• [Your assignment]: The entries below contain pictures, which are to be left out; write out exactly, and only, the lines from the line with "現在選んでいる数字と同じ数字とメモが光る機能など" up to and including the line with "Mengenai Hal tersebut".

• [Source data]:

──────

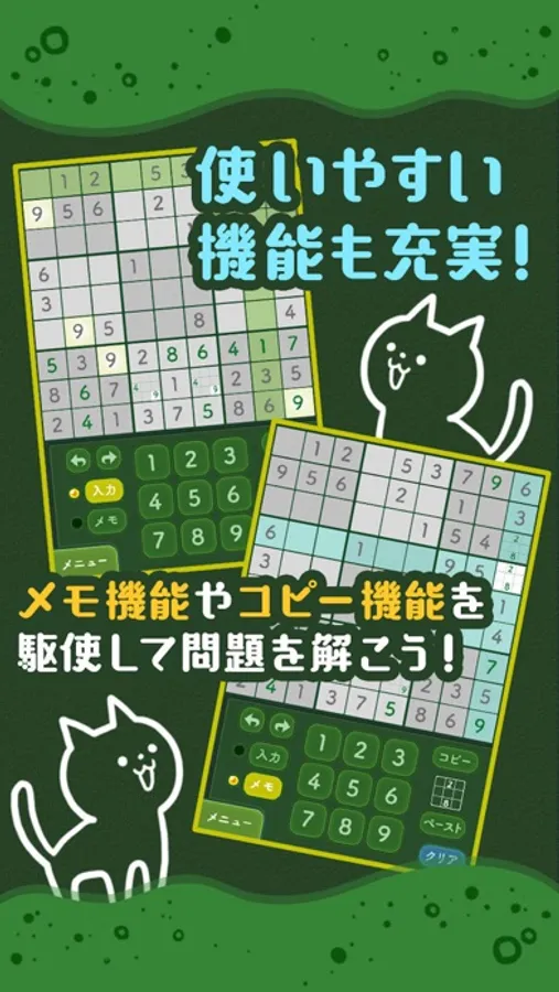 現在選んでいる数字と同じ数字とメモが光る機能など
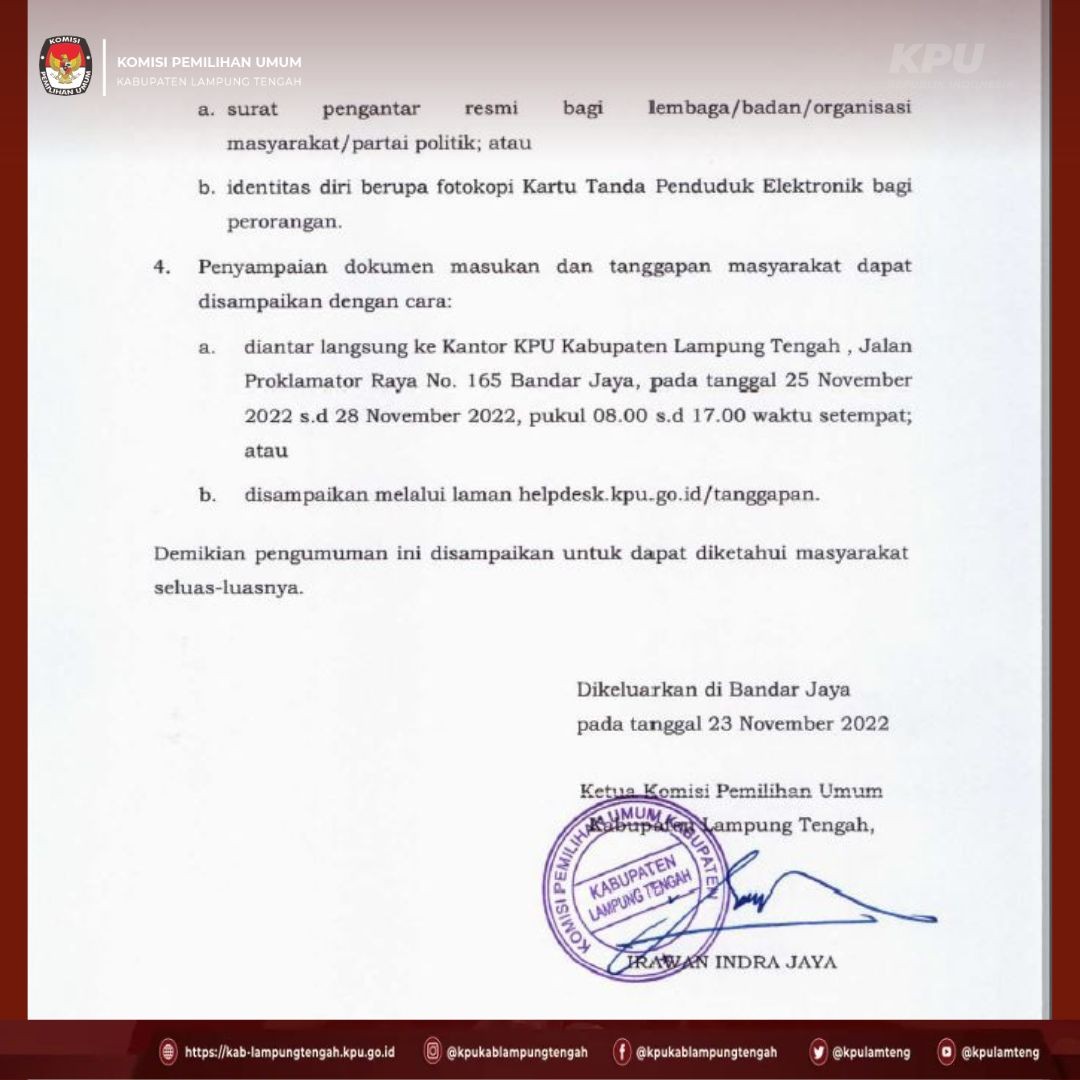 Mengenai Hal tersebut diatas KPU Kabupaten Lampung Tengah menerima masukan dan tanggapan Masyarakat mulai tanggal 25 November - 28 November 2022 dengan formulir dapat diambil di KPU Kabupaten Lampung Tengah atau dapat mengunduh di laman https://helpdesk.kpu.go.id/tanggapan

──────

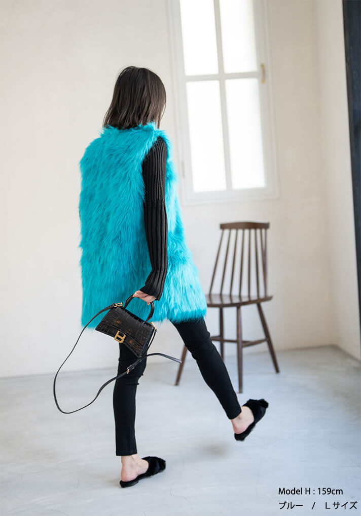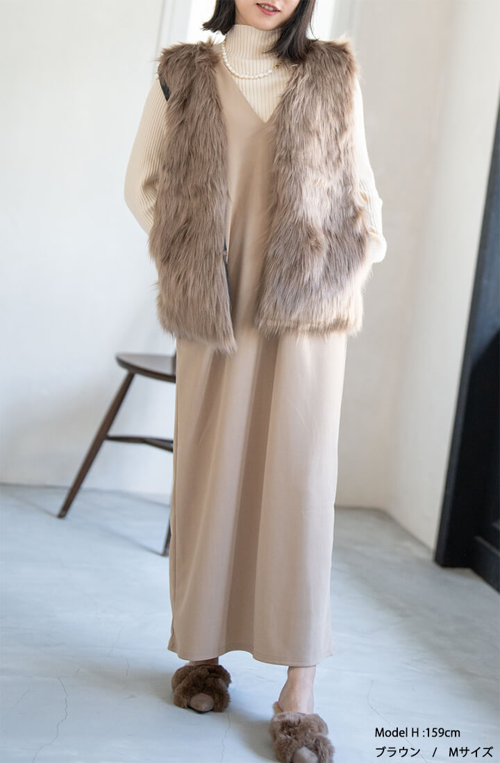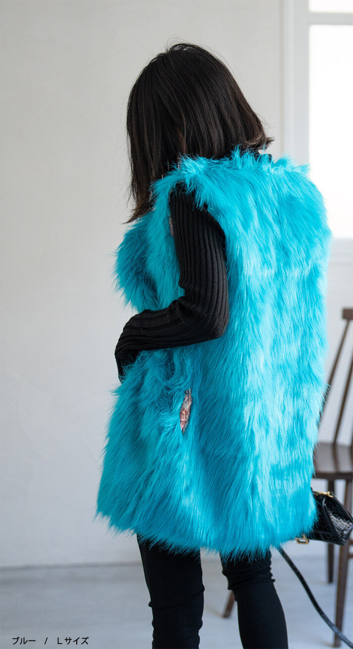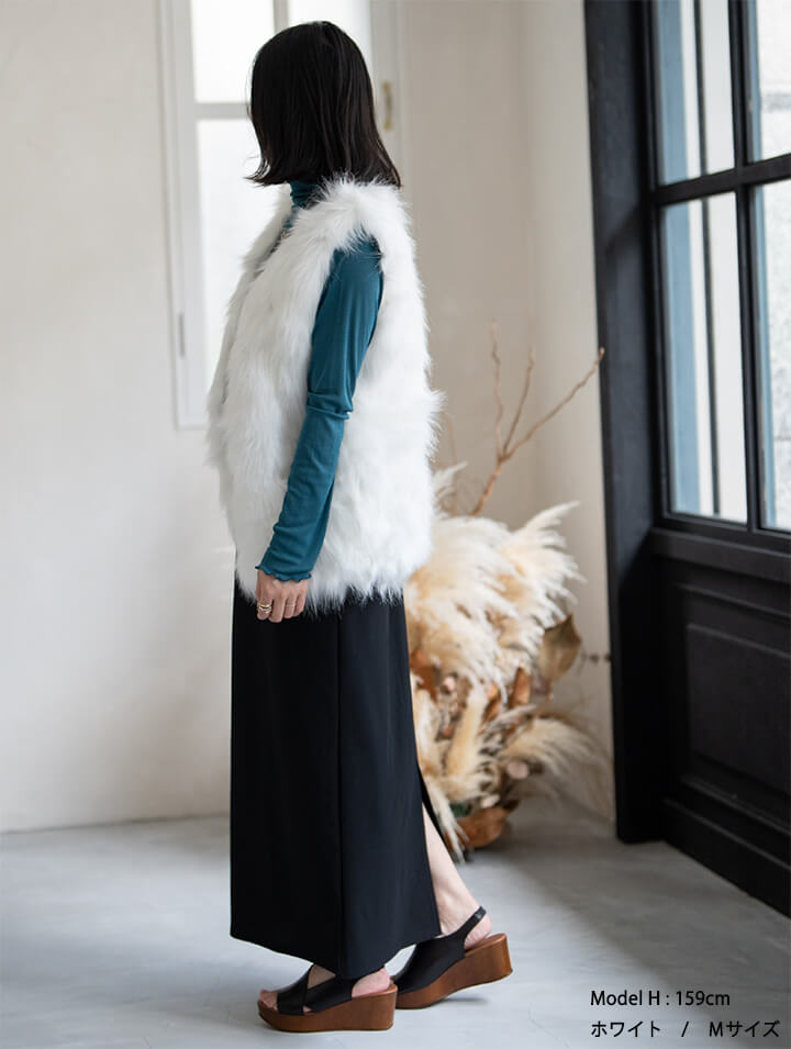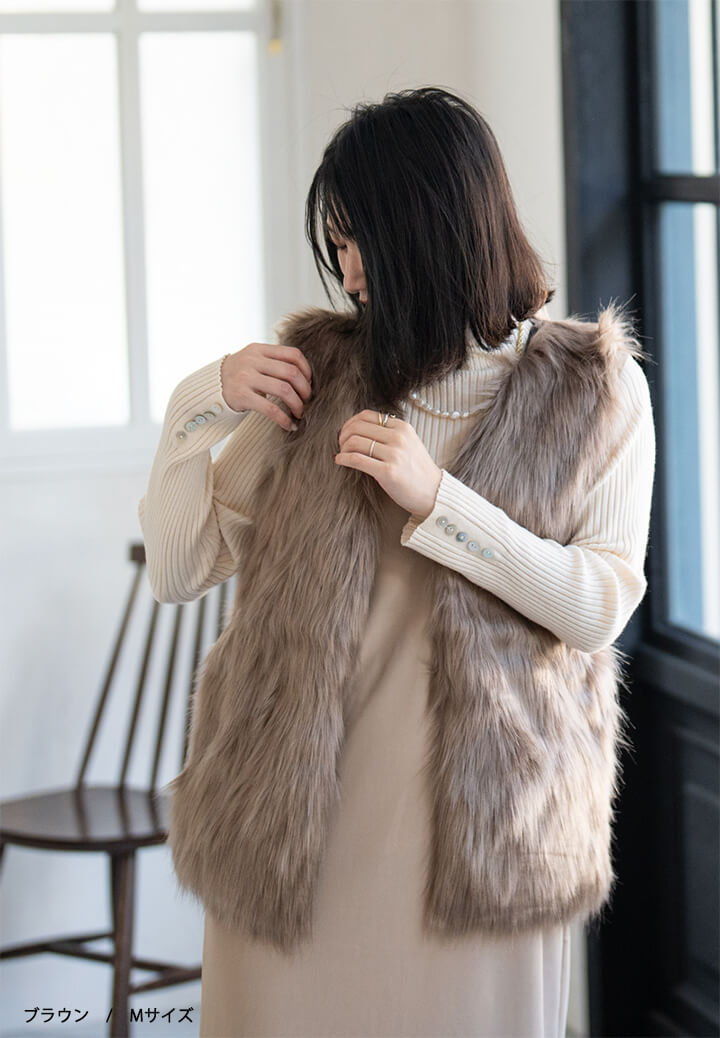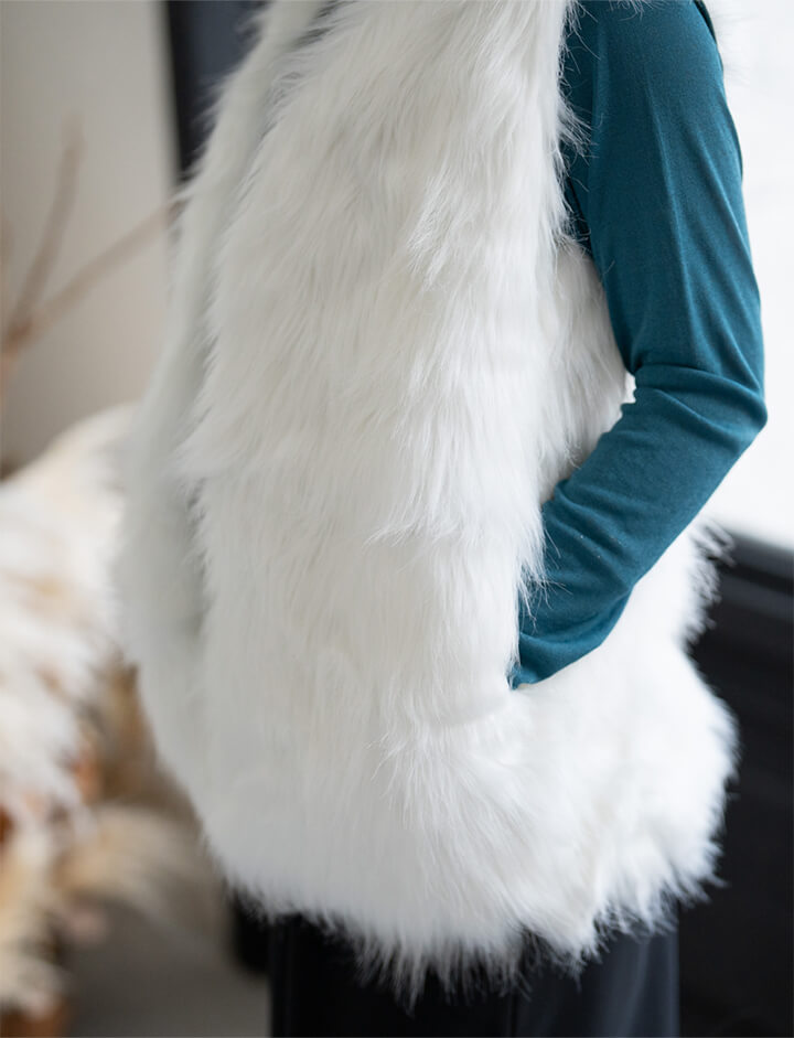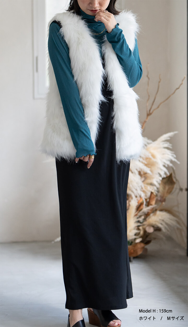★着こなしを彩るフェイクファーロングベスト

──────

• [Problem solution]:
 現在選んでいる数字と同じ数字とメモが光る機能など
 Mengenai Hal tersebut diatas KPU Kabupaten Lampung Tengah menerima masukan dan tanggapan Masyarakat mulai tanggal 25 November - 28 November 2022 dengan formulir dapat diambil di KPU Kabupaten Lampung Tengah atau dapat mengunduh di laman https://helpdesk.kpu.go.id/tanggapan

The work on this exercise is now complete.